Print everything in the records exactly. Leave the pictures out.

• [Data supplied]

▼▼▼

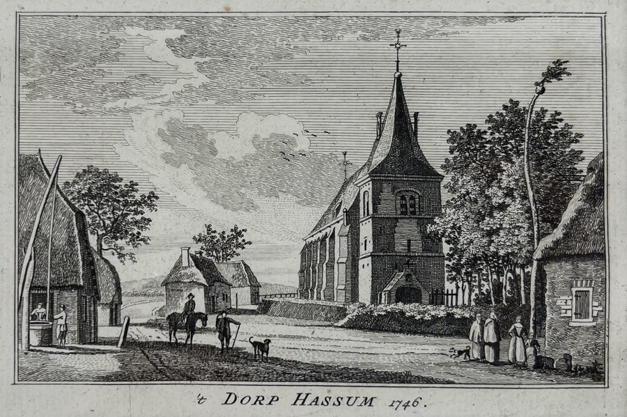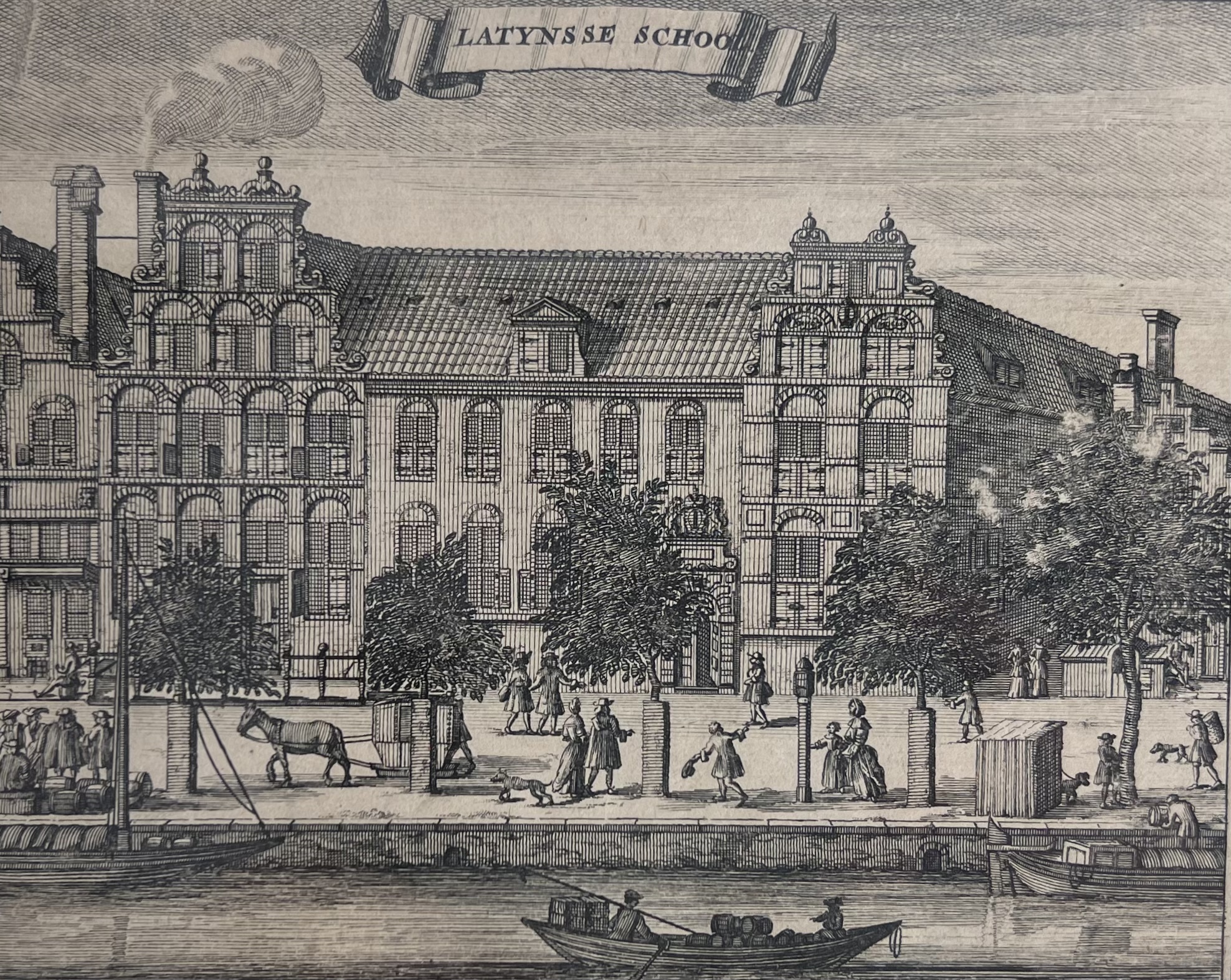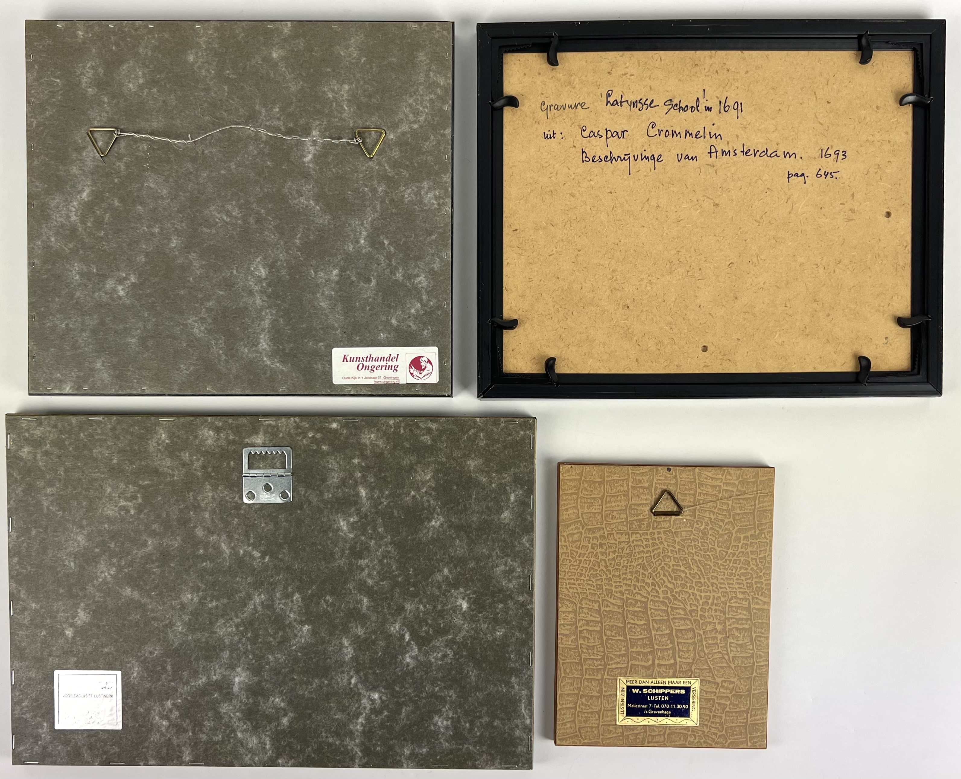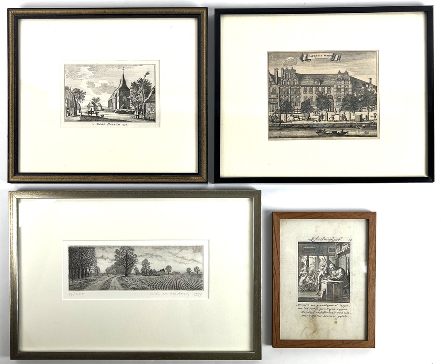 Lot met een ets van Wim van der Meij en drie gravures van Dorp Hassum, Westfalen 1746, Lattynse School aan het Singel, Amsterdam en Schoolmeesters. 18e-20e eeuw. |
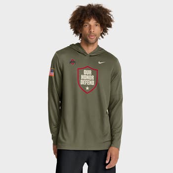 Show your support for the armed forces and Ohio State Buckeyes with this 2025 Military Appreciation Dri-FIT Long Sleeve Hoodie T-Shirt by Nike. Its military-inspired design features a large team logo printed on lightweight fabric and an embroidered American flag patch. Sweat-wicking Dri-FIT technology keeps you dry and comfortable in this Ohio State Buckeyes top as you honor those who serve.
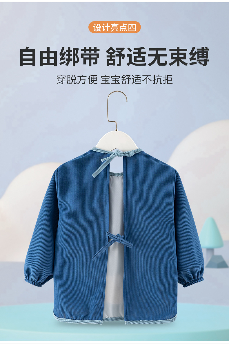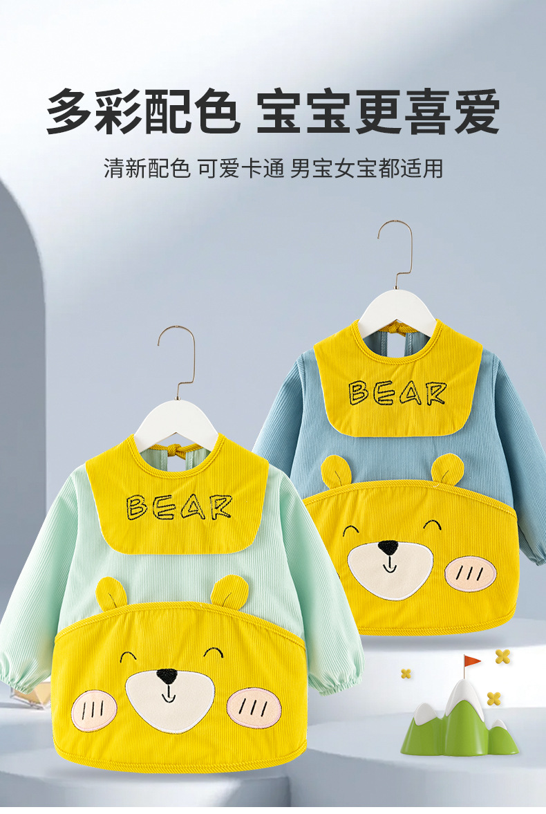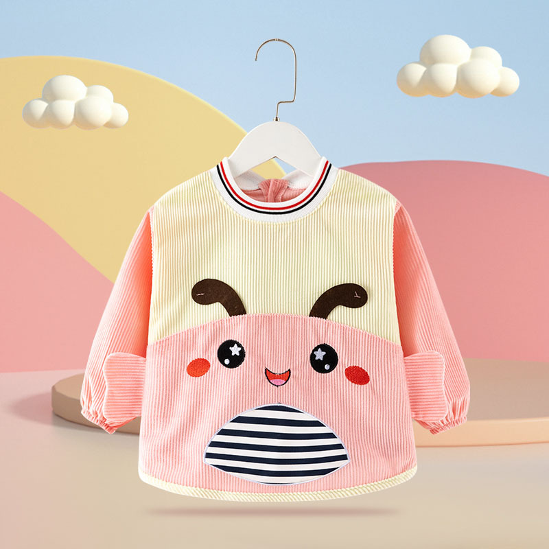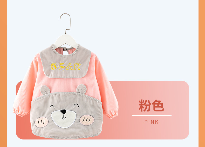가을과 겨울 폭발 크리스탈 벨벳 커버 옷 어린이 방수 안티 드레싱 아기 긴 소매 앞치마 아기 앞치마 포켓
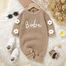 Whether you’re preparing for a family outing or just want a cozy outfit for your baby to lounge in, this romper delivers style and comfort. The knitted acrylic material provides warmth, while the full-length sleeves ensure coverage on cooler days. The standout 3D flowers make this romper picture-perfect, ideal for memorable moments, from family photos to first outings. The solid color with floral accents adds a touch of elegance that suits both boys and girls, making it a versatile addition to any wardrobe.
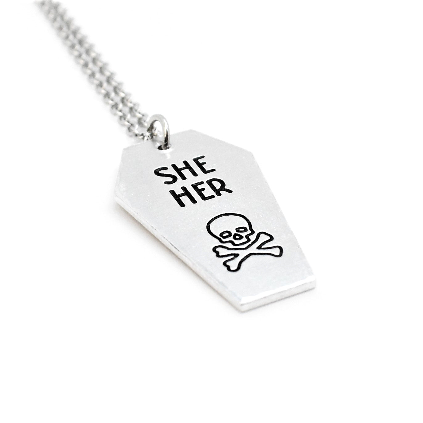 A creative pronoun coffin style necklace featuring the iconic skull and bones representing poison. Optional personalisation also available to the back of the pendant too for an extra special touch.

▲▲▲

• [Answer box]
 Lot met een ets van Wim van der Meij en drie gravures van Dorp Hassum, Westfalen 1746, Lattynse School aan het Singel, Amsterdam en Schoolmeesters. 18e-20e eeuw. |
 Show your support for the armed forces and Ohio State Buckeyes with this 2025 Military Appreciation Dri-FIT Long Sleeve Hoodie T-Shirt by Nike. Its military-inspired design features a large team logo printed on lightweight fabric and an embroidered American flag patch. Sweat-wicking Dri-FIT technology keeps you dry and comfortable in this Ohio State Buckeyes top as you honor those who serve.
가을과 겨울 폭발 크리스탈 벨벳 커버 옷 어린이 방수 안티 드레싱 아기 긴 소매 앞치마 아기 앞치마 포켓
 Whether you’re preparing for a family outing or just want a cozy outfit for your baby to lounge in, this romper delivers style and comfort. The knitted acrylic material provides warmth, while the full-length sleeves ensure coverage on cooler days. The standout 3D flowers make this romper picture-perfect, ideal for memorable moments, from family photos to first outings. The solid color with floral accents adds a touch of elegance that suits both boys and girls, making it a versatile addition to any wardrobe.
 A creative pronoun coffin style necklace featuring the iconic skull and bones representing poison. Optional personalisation also available to the back of the pendant too for an extra special touch.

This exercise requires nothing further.